### PROBLEM TO WORK ON
Would you retype exactly the lines below, starting with the one that has "ボールペンのノックシステムは" and going on through the one that has "童年对于每个人来说都是非常短", with no pictures and nothing else?
EXCERPTED RECORDS Start Marker
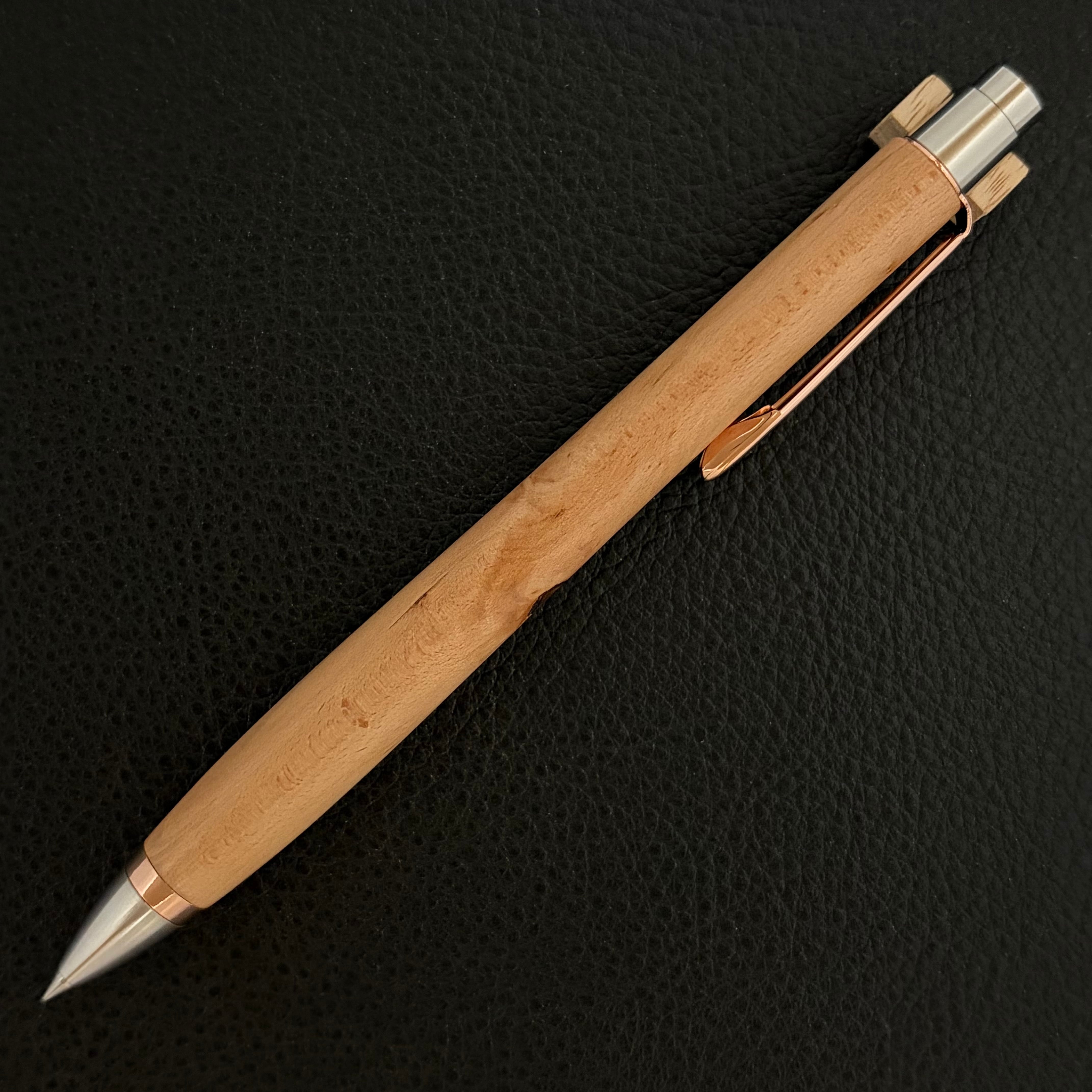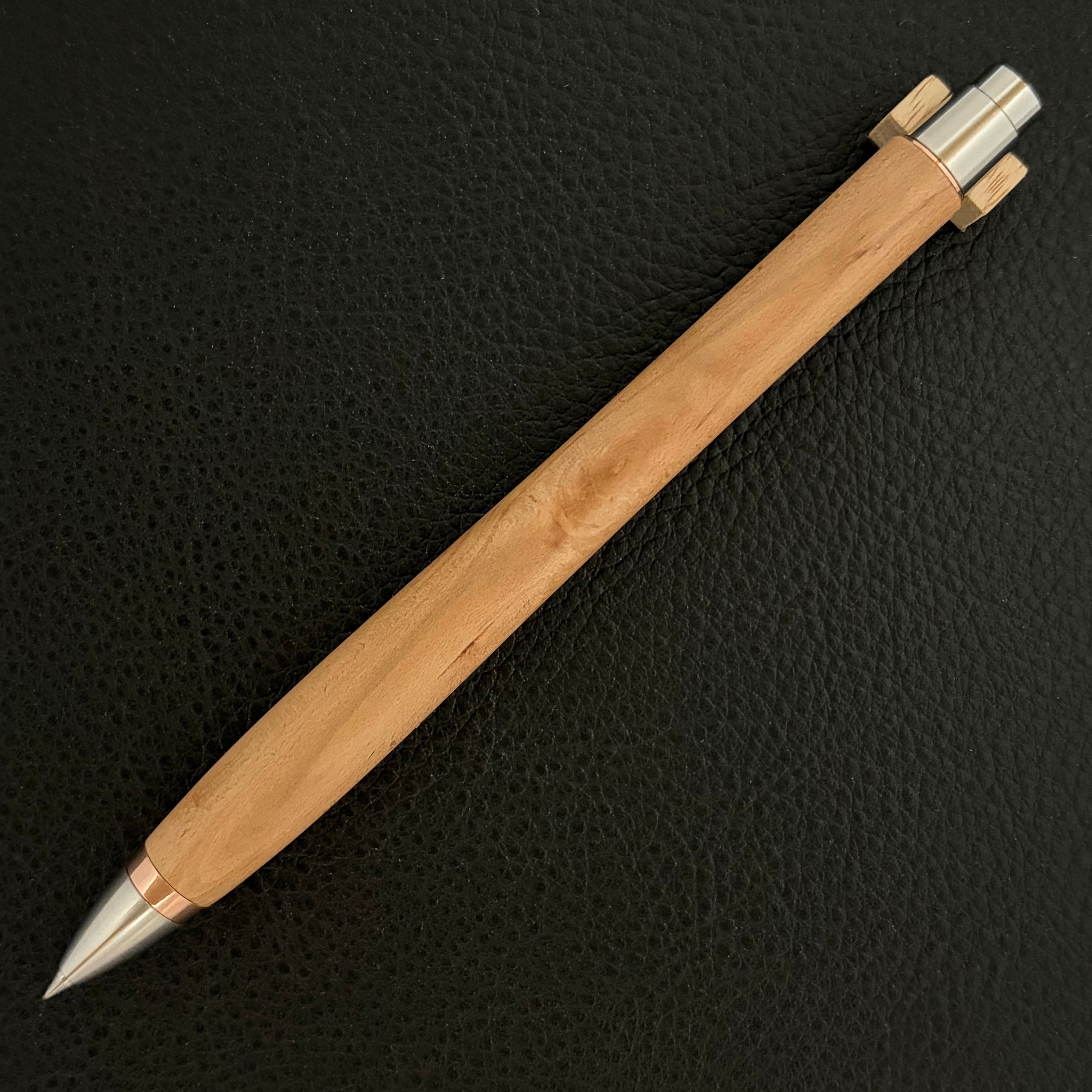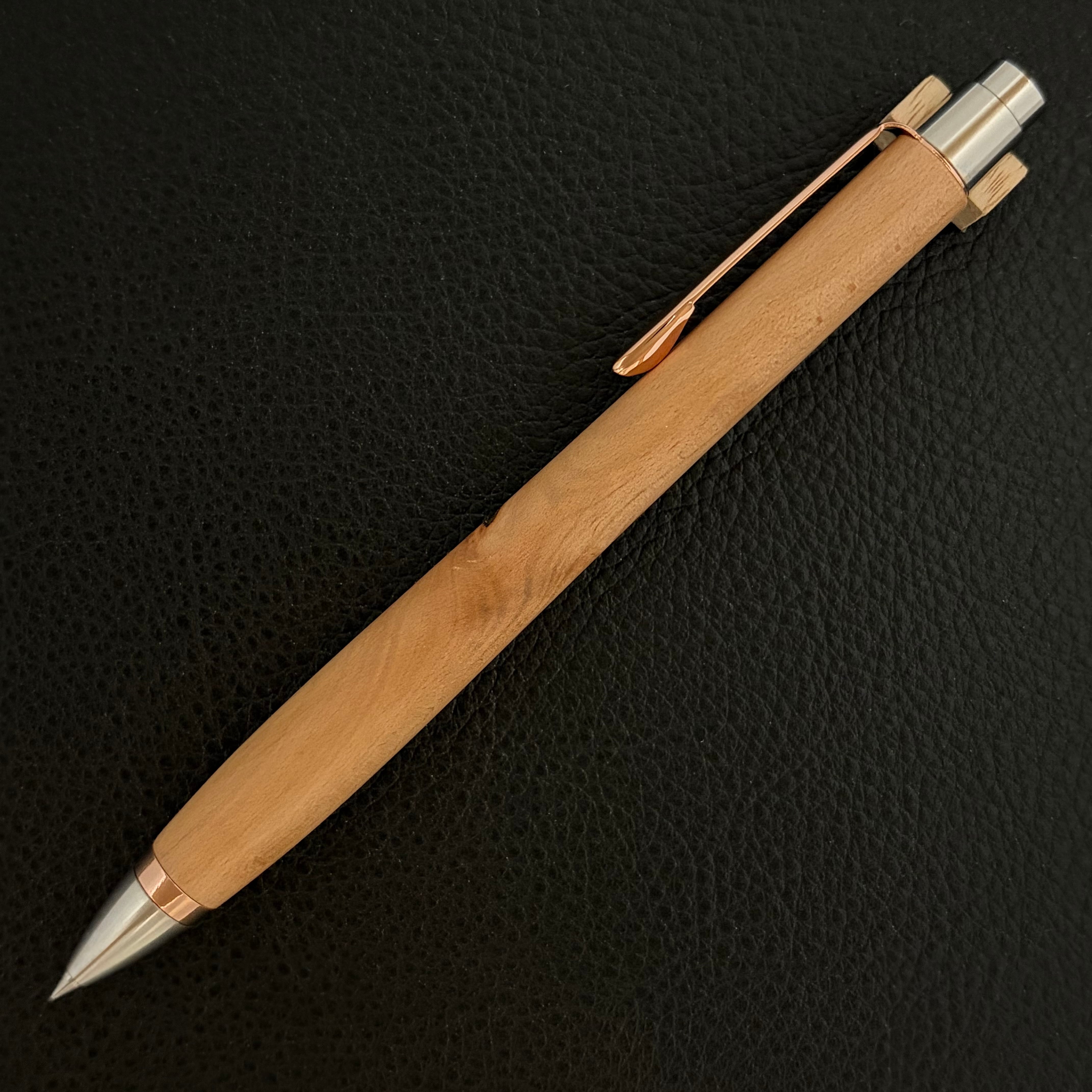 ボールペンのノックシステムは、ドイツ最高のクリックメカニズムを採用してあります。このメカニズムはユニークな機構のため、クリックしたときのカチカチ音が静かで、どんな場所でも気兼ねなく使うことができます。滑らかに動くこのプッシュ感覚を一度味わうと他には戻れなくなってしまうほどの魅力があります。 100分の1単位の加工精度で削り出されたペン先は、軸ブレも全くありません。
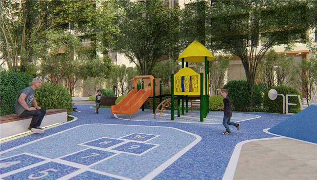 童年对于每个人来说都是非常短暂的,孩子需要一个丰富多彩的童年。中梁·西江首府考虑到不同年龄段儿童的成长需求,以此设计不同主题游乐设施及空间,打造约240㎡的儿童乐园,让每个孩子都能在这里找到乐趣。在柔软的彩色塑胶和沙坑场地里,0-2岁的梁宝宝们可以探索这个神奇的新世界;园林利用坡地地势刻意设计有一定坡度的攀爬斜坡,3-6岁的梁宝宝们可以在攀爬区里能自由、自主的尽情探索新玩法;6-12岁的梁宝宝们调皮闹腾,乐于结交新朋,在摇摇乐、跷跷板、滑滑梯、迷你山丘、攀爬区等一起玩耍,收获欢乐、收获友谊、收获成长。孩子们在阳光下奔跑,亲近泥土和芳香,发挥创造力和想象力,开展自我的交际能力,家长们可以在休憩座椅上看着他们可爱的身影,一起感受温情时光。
EXCERPTED RECORDS End Marker
EXCERPTED RECORDS Start Marker
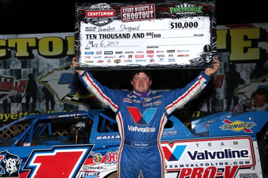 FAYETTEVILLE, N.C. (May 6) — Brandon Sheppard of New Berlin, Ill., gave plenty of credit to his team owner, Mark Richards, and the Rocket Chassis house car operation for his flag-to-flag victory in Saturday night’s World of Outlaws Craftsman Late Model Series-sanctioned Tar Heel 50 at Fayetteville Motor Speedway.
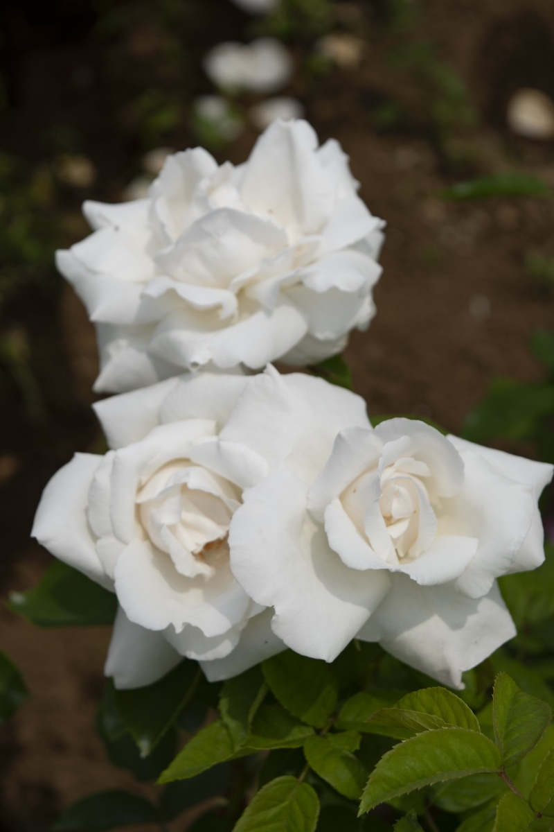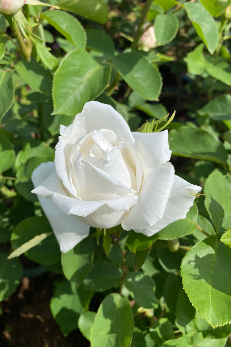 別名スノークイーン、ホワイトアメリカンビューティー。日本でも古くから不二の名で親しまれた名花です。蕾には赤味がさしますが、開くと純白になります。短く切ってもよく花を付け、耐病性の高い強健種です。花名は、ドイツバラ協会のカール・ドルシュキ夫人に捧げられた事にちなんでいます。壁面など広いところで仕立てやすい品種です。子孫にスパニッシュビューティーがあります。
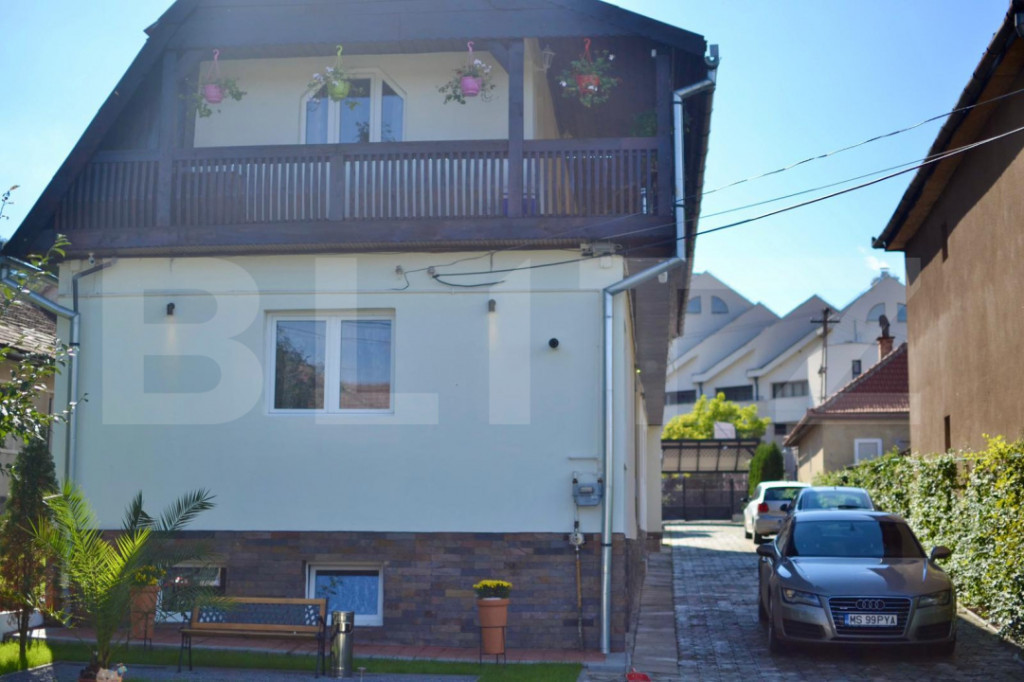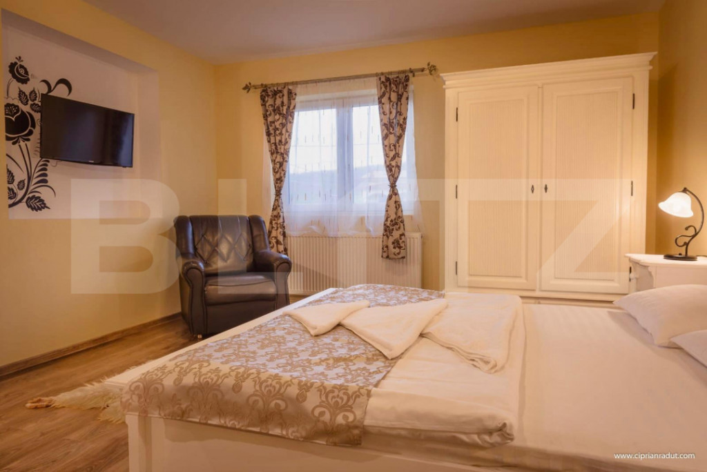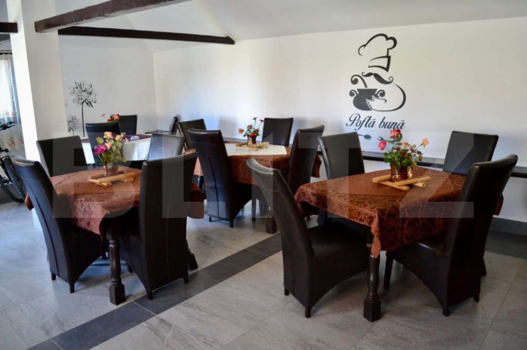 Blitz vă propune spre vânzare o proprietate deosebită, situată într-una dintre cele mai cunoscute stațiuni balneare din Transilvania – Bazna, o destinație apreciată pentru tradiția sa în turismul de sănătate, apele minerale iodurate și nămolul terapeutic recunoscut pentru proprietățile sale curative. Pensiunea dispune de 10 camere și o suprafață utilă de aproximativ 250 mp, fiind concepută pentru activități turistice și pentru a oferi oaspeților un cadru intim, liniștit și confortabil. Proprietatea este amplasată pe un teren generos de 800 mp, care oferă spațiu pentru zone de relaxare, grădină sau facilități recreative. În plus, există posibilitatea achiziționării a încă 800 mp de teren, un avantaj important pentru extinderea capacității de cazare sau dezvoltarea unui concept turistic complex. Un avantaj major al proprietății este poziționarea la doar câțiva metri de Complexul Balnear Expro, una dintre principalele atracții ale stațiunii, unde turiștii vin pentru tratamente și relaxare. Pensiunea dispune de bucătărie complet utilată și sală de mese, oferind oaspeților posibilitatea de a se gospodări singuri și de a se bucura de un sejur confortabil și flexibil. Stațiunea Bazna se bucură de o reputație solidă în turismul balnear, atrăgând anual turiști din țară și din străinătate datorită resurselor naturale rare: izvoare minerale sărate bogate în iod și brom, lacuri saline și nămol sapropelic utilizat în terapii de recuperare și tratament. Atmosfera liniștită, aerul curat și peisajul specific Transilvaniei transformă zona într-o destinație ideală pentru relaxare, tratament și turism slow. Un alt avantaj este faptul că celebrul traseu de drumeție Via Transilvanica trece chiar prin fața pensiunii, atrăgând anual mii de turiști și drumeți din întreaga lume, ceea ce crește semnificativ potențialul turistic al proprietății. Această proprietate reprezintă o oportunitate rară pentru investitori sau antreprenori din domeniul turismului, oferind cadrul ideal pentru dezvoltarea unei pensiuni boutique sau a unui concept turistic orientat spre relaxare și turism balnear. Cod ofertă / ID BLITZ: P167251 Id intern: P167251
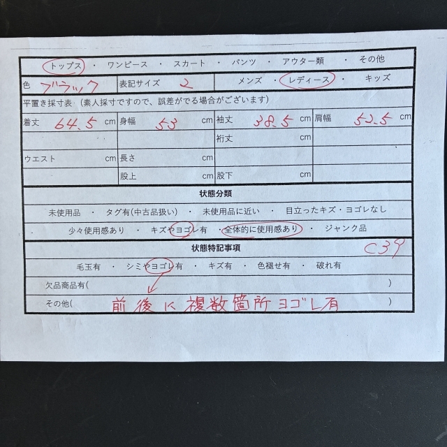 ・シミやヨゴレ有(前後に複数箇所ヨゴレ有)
EXCERPTED RECORDS End Marker
EXCERPTED RECORDS Start Marker
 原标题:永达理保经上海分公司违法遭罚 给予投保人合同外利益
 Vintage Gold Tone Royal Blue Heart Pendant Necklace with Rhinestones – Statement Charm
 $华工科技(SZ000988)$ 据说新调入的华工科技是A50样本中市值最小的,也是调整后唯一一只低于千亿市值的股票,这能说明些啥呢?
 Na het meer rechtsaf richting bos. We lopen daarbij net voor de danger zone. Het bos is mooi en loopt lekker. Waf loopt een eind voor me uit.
EXCERPTED RECORDS End Marker
### TASK OUTPUT
 ボールペンのノックシステムは、ドイツ最高のクリックメカニズムを採用してあります。このメカニズムはユニークな機構のため、クリックしたときのカチカチ音が静かで、どんな場所でも気兼ねなく使うことができます。滑らかに動くこのプッシュ感覚を一度味わうと他には戻れなくなってしまうほどの魅力があります。 100分の1単位の加工精度で削り出されたペン先は、軸ブレも全くありません。
 童年对于每个人来说都是非常短暂的,孩子需要一个丰富多彩的童年。中梁·西江首府考虑到不同年龄段儿童的成长需求,以此设计不同主题游乐设施及空间,打造约240㎡的儿童乐园,让每个孩子都能在这里找到乐趣。在柔软的彩色塑胶和沙坑场地里,0-2岁的梁宝宝们可以探索这个神奇的新世界;园林利用坡地地势刻意设计有一定坡度的攀爬斜坡,3-6岁的梁宝宝们可以在攀爬区里能自由、自主的尽情探索新玩法;6-12岁的梁宝宝们调皮闹腾,乐于结交新朋,在摇摇乐、跷跷板、滑滑梯、迷你山丘、攀爬区等一起玩耍,收获欢乐、收获友谊、收获成长。孩子们在阳光下奔跑,亲近泥土和芳香,发挥创造力和想象力,开展自我的交际能力,家长们可以在休憩座椅上看着他们可爱的身影,一起感受温情时光。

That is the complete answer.